▸ **WHAT NEEDS TO BE DONE**:
Your task is to output the listing exactly, leaving every image out.

▸ **RECORDED INFORMATION**:
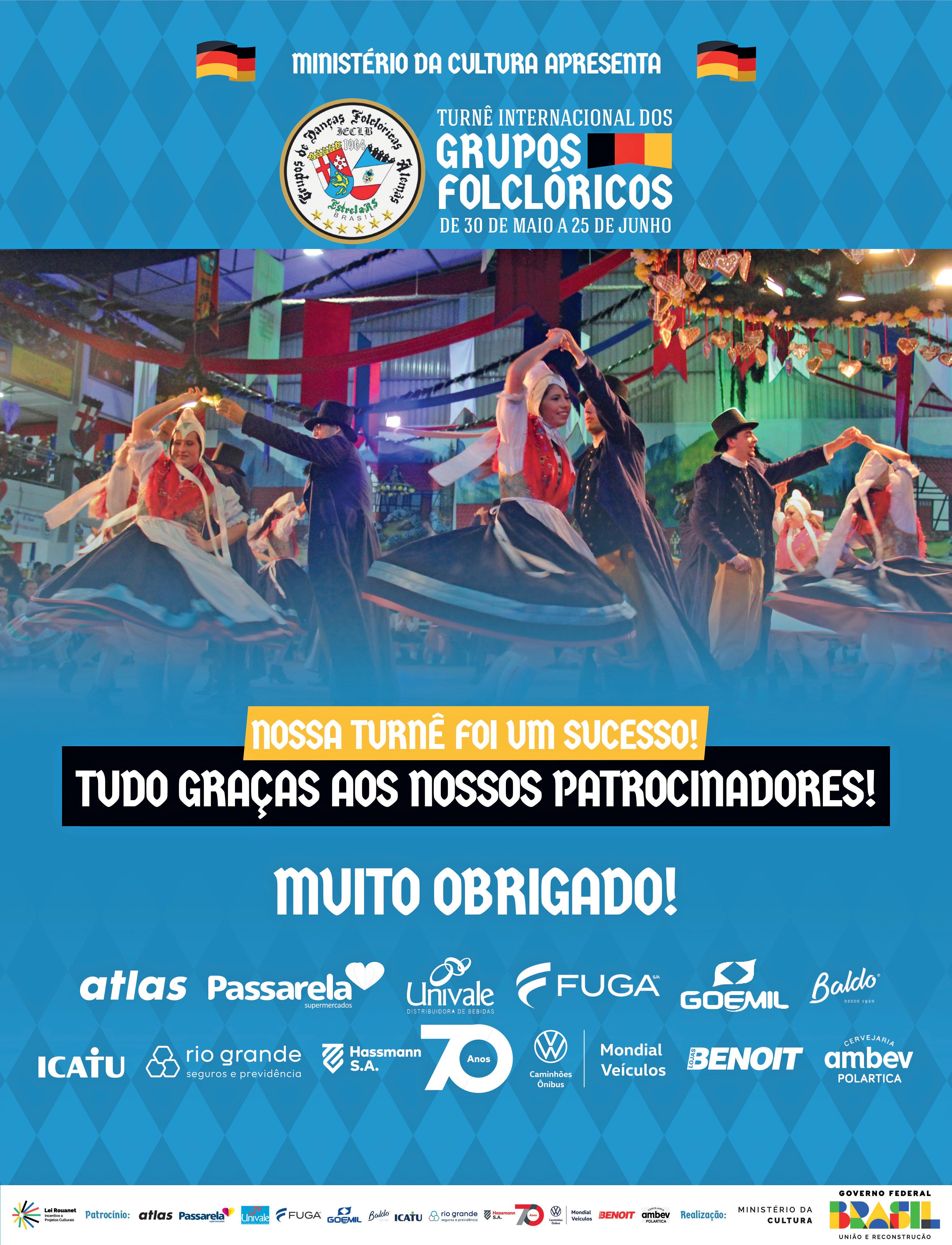 Opúblico animado, receptivo e caloroso marcou cada apresentação dos Grupos Folclóricos de Estrela durante a 7ª Turnê Internacional pela Europa. O espetáculo levou ao Velho Continente diferentes aspectos da cultura brasileira. Com coreografias que retrataram o tradicionalismo gaúcho, as danças folclóricas presentes na região do Vale do Taquari, o forró, o samba e o Carnaval, os dançarinos e os músicos animaram cidades da Alemanha, Áustria e Eslovênia.
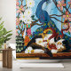 Calico cat jouant avec un dragon chinois rouge devant un vitrail de paon.
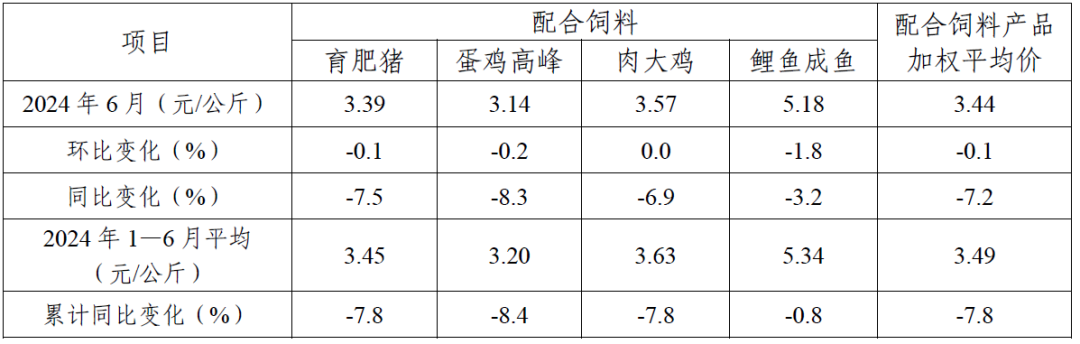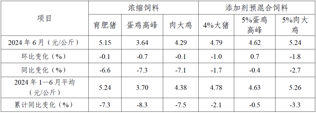 表3 2024年6月饲料企业浓缩饲料和添加剂预混合饲料平均价格
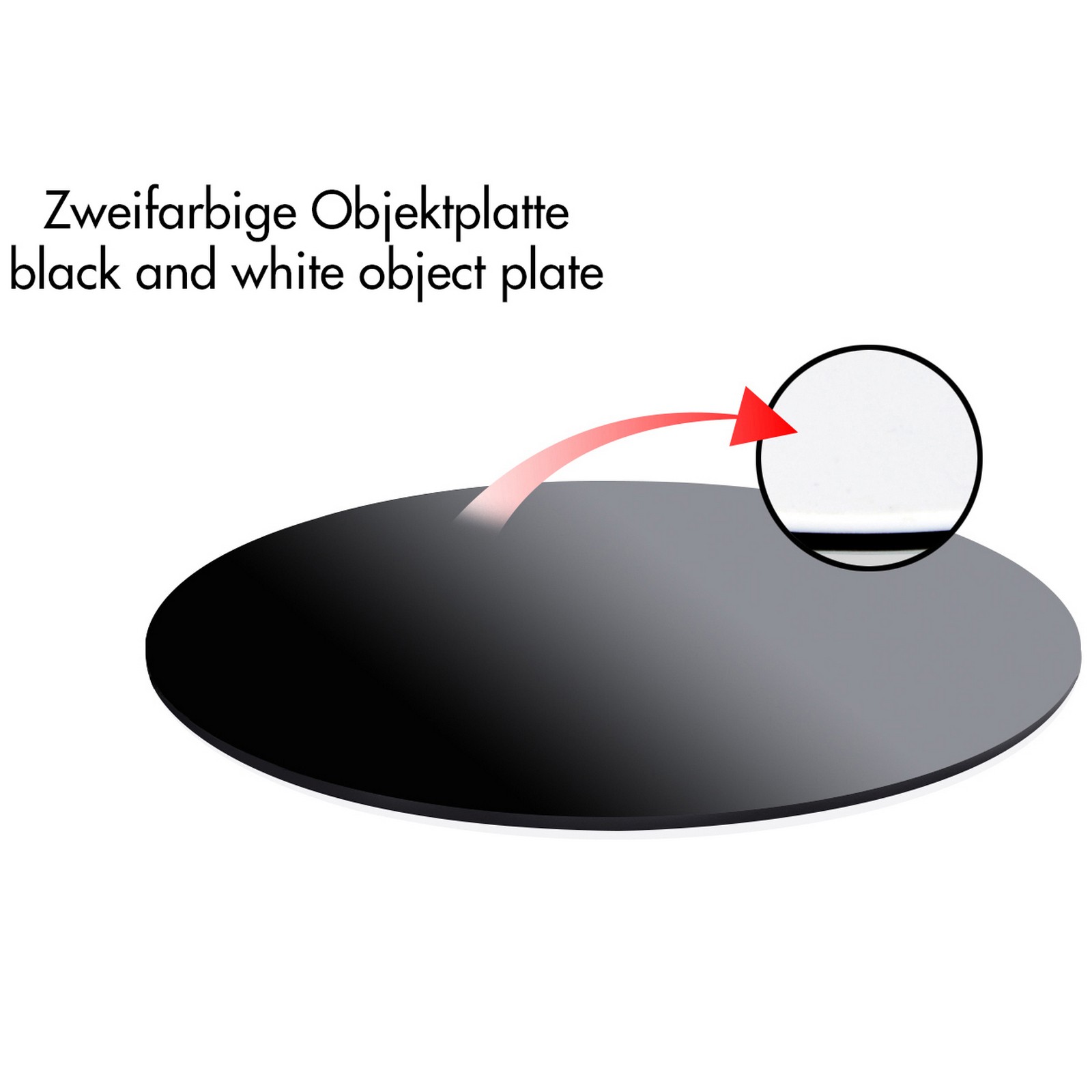 Предметний столик досить великий і має в своїй основі двосторонній чорно-білий диск для забезпечення необхідного контрасту при спостереженні світлих і темних об'єктів. Діапазону робочого ходу цілком вистачає для того, щоб розглядати об'єкти товщиною до 8 см. Завдяки широкій основі і важкому металевому корпусу мікроскоп стійкий і практично не допускає мікровібрацій при спостереженнях.

▸ **OUTPUT**:
 Opúblico animado, receptivo e caloroso marcou cada apresentação dos Grupos Folclóricos de Estrela durante a 7ª Turnê Internacional pela Europa. O espetáculo levou ao Velho Continente diferentes aspectos da cultura brasileira. Com coreografias que retrataram o tradicionalismo gaúcho, as danças folclóricas presentes na região do Vale do Taquari, o forró, o samba e o Carnaval, os dançarinos e os músicos animaram cidades da Alemanha, Áustria e Eslovênia.
 Calico cat jouant avec un dragon chinois rouge devant un vitrail de paon.
 表3 2024年6月饲料企业浓缩饲料和添加剂预混合饲料平均价格
 Предметний столик досить великий і має в своїй основі двосторонній чорно-білий диск для забезпечення необхідного контрасту при спостереженні світлих і темних об'єктів. Діапазону робочого ходу цілком вистачає для того, щоб розглядати об'єкти товщиною до 8 см. Завдяки широкій основі і важкому металевому корпусу мікроскоп стійкий і практично не допускає мікровібрацій при спостереженнях.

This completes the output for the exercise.